# [Dataset excerpts]
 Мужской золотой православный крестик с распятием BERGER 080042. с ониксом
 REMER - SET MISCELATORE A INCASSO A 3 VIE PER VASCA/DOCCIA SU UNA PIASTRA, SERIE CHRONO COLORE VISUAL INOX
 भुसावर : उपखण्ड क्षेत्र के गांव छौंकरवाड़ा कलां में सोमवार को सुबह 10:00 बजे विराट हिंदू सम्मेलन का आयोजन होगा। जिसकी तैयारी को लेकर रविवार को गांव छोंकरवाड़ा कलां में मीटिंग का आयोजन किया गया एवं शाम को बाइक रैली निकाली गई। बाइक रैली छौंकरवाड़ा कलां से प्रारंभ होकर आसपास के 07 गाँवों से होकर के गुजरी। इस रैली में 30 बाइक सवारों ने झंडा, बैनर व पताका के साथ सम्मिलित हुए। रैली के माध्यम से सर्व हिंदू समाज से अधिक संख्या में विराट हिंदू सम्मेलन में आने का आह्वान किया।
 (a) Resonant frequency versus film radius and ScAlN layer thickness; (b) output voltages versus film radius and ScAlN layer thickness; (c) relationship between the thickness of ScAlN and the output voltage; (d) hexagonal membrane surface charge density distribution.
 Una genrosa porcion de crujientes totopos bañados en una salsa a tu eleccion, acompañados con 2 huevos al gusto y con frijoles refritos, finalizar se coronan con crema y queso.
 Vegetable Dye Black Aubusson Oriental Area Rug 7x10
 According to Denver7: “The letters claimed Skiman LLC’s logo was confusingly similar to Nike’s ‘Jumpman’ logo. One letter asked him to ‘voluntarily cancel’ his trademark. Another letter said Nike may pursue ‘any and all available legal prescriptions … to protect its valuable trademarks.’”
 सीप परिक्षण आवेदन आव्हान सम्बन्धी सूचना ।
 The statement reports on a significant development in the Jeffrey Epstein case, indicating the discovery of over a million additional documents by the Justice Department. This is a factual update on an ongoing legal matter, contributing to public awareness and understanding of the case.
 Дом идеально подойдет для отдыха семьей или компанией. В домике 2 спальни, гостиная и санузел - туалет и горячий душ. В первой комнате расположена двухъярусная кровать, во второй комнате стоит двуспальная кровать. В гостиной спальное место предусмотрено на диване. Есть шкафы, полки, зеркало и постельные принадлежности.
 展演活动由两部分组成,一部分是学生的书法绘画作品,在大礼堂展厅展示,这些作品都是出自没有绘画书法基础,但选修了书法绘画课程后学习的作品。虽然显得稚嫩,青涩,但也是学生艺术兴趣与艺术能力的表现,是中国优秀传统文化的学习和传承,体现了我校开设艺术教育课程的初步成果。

# [Work request]
Each line above is to be reproduced exactly.

# [Solution to this problem]
 Мужской золотой православный крестик с распятием BERGER 080042. с ониксом
 REMER - SET MISCELATORE A INCASSO A 3 VIE PER VASCA/DOCCIA SU UNA PIASTRA, SERIE CHRONO COLORE VISUAL INOX
 भुसावर : उपखण्ड क्षेत्र के गांव छौंकरवाड़ा कलां में सोमवार को सुबह 10:00 बजे विराट हिंदू सम्मेलन का आयोजन होगा। जिसकी तैयारी को लेकर रविवार को गांव छोंकरवाड़ा कलां में मीटिंग का आयोजन किया गया एवं शाम को बाइक रैली निकाली गई। बाइक रैली छौंकरवाड़ा कलां से प्रारंभ होकर आसपास के 07 गाँवों से होकर के गुजरी। इस रैली में 30 बाइक सवारों ने झंडा, बैनर व पताका के साथ सम्मिलित हुए। रैली के माध्यम से सर्व हिंदू समाज से अधिक संख्या में विराट हिंदू सम्मेलन में आने का आह्वान किया।
 (a) Resonant frequency versus film radius and ScAlN layer thickness; (b) output voltages versus film radius and ScAlN layer thickness; (c) relationship between the thickness of ScAlN and the output voltage; (d) hexagonal membrane surface charge density distribution.
 Una genrosa porcion de crujientes totopos bañados en una salsa a tu eleccion, acompañados con 2 huevos al gusto y con frijoles refritos, finalizar se coronan con crema y queso.
 Vegetable Dye Black Aubusson Oriental Area Rug 7x10
 According to Denver7: “The letters claimed Skiman LLC’s logo was confusingly similar to Nike’s ‘Jumpman’ logo. One letter asked him to ‘voluntarily cancel’ his trademark. Another letter said Nike may pursue ‘any and all available legal prescriptions … to protect its valuable trademarks.’”
 सीप परिक्षण आवेदन आव्हान सम्बन्धी सूचना ।
 The statement reports on a significant development in the Jeffrey Epstein case, indicating the discovery of over a million additional documents by the Justice Department. This is a factual update on an ongoing legal matter, contributing to public awareness and understanding of the case.
 Дом идеально подойдет для отдыха семьей или компанией. В домике 2 спальни, гостиная и санузел - туалет и горячий душ. В первой комнате расположена двухъярусная кровать, во второй комнате стоит двуспальная кровать. В гостиной спальное место предусмотрено на диване. Есть шкафы, полки, зеркало и постельные принадлежности.
 展演活动由两部分组成,一部分是学生的书法绘画作品,在大礼堂展厅展示,这些作品都是出自没有绘画书法基础,但选修了书法绘画课程后学习的作品。虽然显得稚嫩,青涩,但也是学生艺术兴趣与艺术能力的表现,是中国优秀传统文化的学习和传承,体现了我校开设艺术教育课程的初步成果。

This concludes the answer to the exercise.